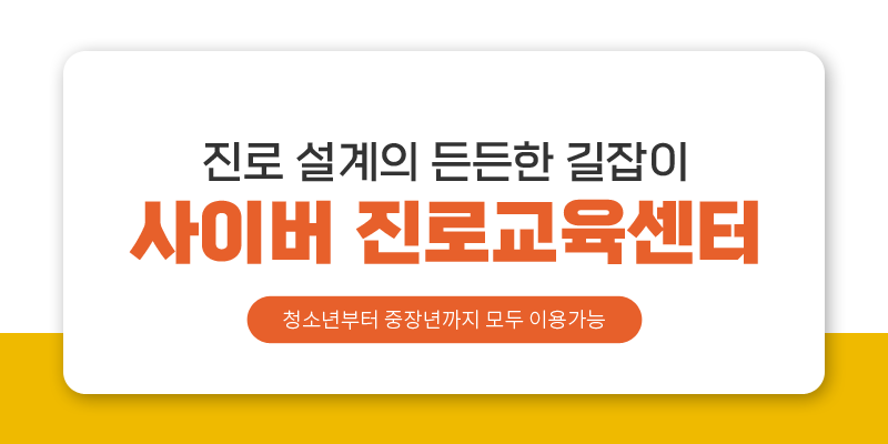 사이버진로교육센터는 청소년부터 중장년층까지, 대상별 맞춤형 콘텐츠를 제공하니 놓치지 않는것이 좋겠죠?
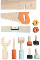 Det rige sæt med 12 trætilbehør er ideelt til små børnehænder: sav, hammer, skruetrækker, nøgle, vaterpas, 2 skruer, 2 bolte, 2 søm og en plade. Legen udvikler kreativitet, logisk tænkning og håndelag. Bænken har modtaget flere priser og er en del af den prisbelønnede kollektion Biler & byggeri fra LE TOY VAN.
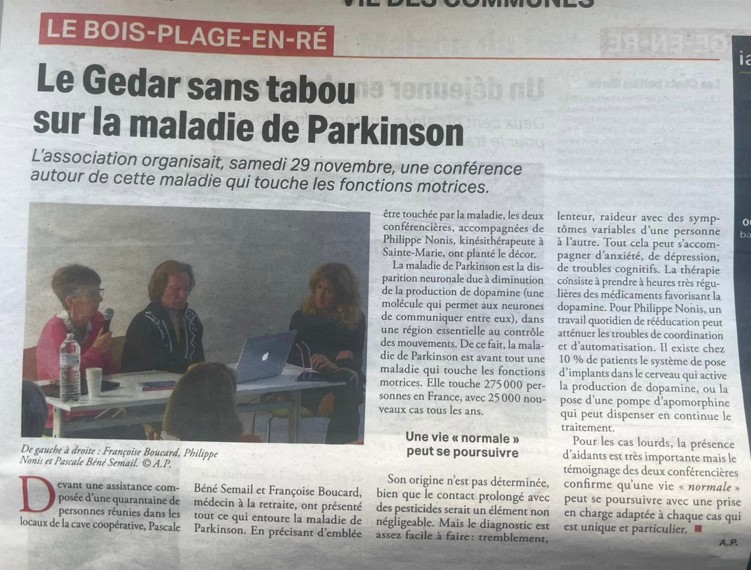 Le Groupe d’Echanges, de Développement et d’Animation Rurale de l’Île de Ré sans tabou sur la maladie de Parkinson Le Groupe d’Echanges, de Développement et d’Animation Rurale de l’Île de Ré sans tabou sur la maladie de Parkinson Accueil > Actualités > Le Groupe d’Echanges, de Développement et d’Animation Rurale de l’Île de Ré sans tabou sur la maladie de Parkinson – Le 29/11/2025 Revenir à la liste
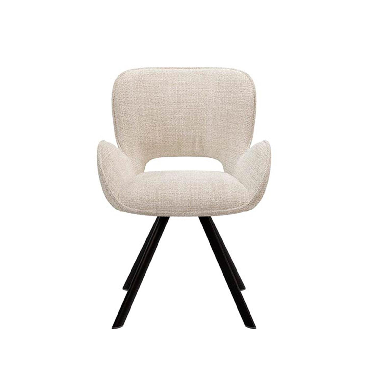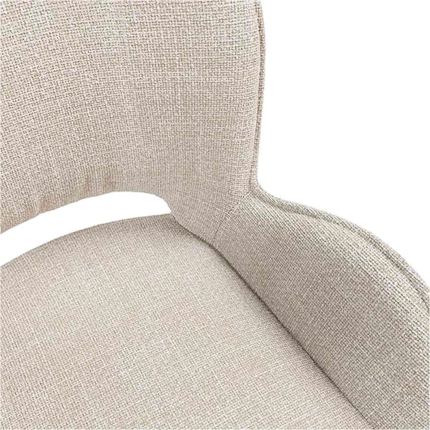 El respaldo y los reposabrazos curvados de la silla ASTRID le otorgan un diseño sofisticado y elegante. Su tapicería en tejido beige aporta un tono neutro y versátil, ideal para integrarse en diversos estilos de decoración interior. Además, esta silla está completamente acolchada, ofreciendo un alto nivel de confort para un uso prolongado.
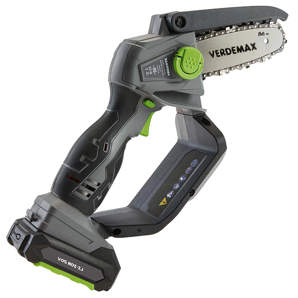 Monta una catena da con copertura protettiva e barra da e un’impugnatura ergonomica che grazie alla protezione per la mano conferisce maggiore sicurezza.
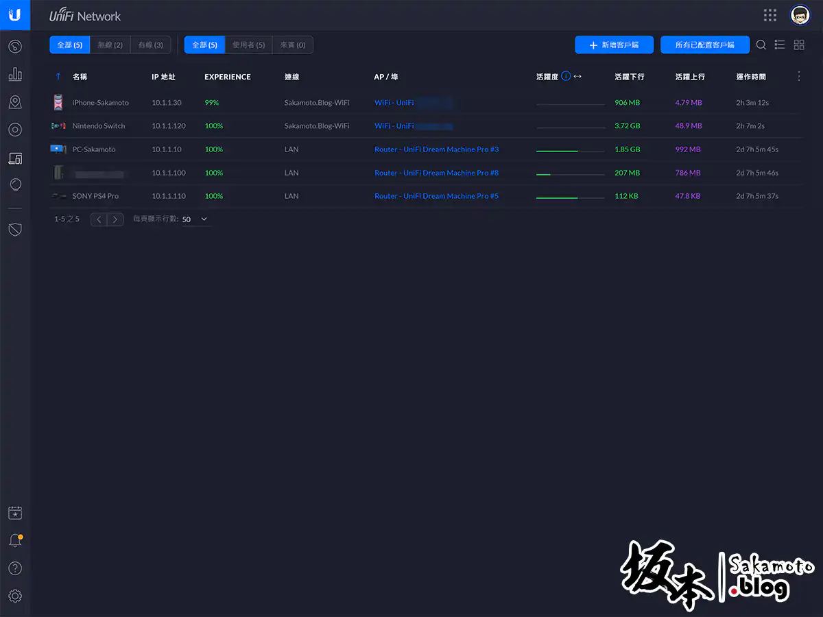 設備,目前有那些 UniFi 設備已被接管,也可以各別設定,例如單獨更新固件、強制同步更新設定、解除接管 (會自動初始化設定) … 等。
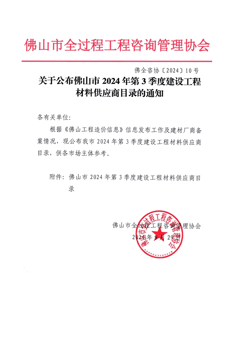 關于公布佛山市2024年第3季度建設工程材料供應商目錄的通知
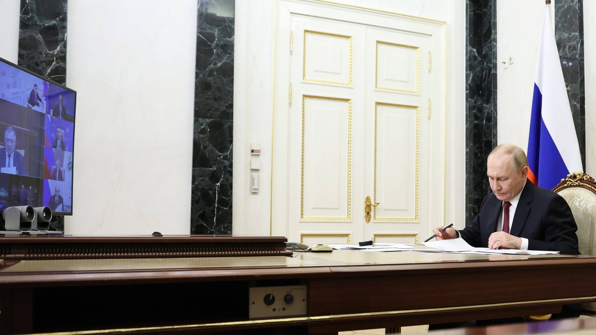 Владимир Путин по видеосвязи провёл совещание с членами Правительства, Кремль, 15 октября 2025 года
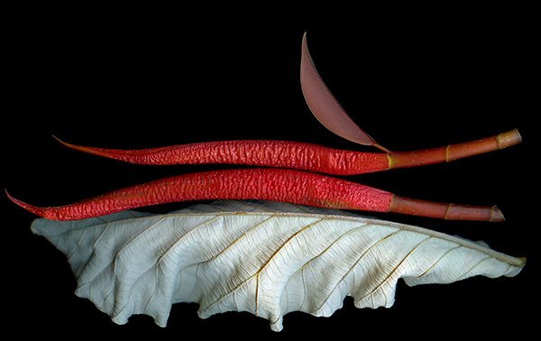 Two Red stems from Ficus Elastica (Rubber Plant) resting on a Cecropia leaf

○ ○ ○ ○

■ Exercise prompt
An exact reprint of every record is required, with the pictures omitted.

■ Finished task
 사이버진로교육센터는 청소년부터 중장년층까지, 대상별 맞춤형 콘텐츠를 제공하니 놓치지 않는것이 좋겠죠?
 Det rige sæt med 12 trætilbehør er ideelt til små børnehænder: sav, hammer, skruetrækker, nøgle, vaterpas, 2 skruer, 2 bolte, 2 søm og en plade. Legen udvikler kreativitet, logisk tænkning og håndelag. Bænken har modtaget flere priser og er en del af den prisbelønnede kollektion Biler & byggeri fra LE TOY VAN.
 Le Groupe d’Echanges, de Développement et d’Animation Rurale de l’Île de Ré sans tabou sur la maladie de Parkinson Le Groupe d’Echanges, de Développement et d’Animation Rurale de l’Île de Ré sans tabou sur la maladie de Parkinson Accueil > Actualités > Le Groupe d’Echanges, de Développement et d’Animation Rurale de l’Île de Ré sans tabou sur la maladie de Parkinson – Le 29/11/2025 Revenir à la liste
 El respaldo y los reposabrazos curvados de la silla ASTRID le otorgan un diseño sofisticado y elegante. Su tapicería en tejido beige aporta un tono neutro y versátil, ideal para integrarse en diversos estilos de decoración interior. Además, esta silla está completamente acolchada, ofreciendo un alto nivel de confort para un uso prolongado.
 Monta una catena da con copertura protettiva e barra da e un’impugnatura ergonomica che grazie alla protezione per la mano conferisce maggiore sicurezza.
 設備,目前有那些 UniFi 設備已被接管,也可以各別設定,例如單獨更新固件、強制同步更新設定、解除接管 (會自動初始化設定) … 等。
 關于公布佛山市2024年第3季度建設工程材料供應商目錄的通知
 Владимир Путин по видеосвязи провёл совещание с членами Правительства, Кремль, 15 октября 2025 года
 Two Red stems from Ficus Elastica (Rubber Plant) resting on a Cecropia leaf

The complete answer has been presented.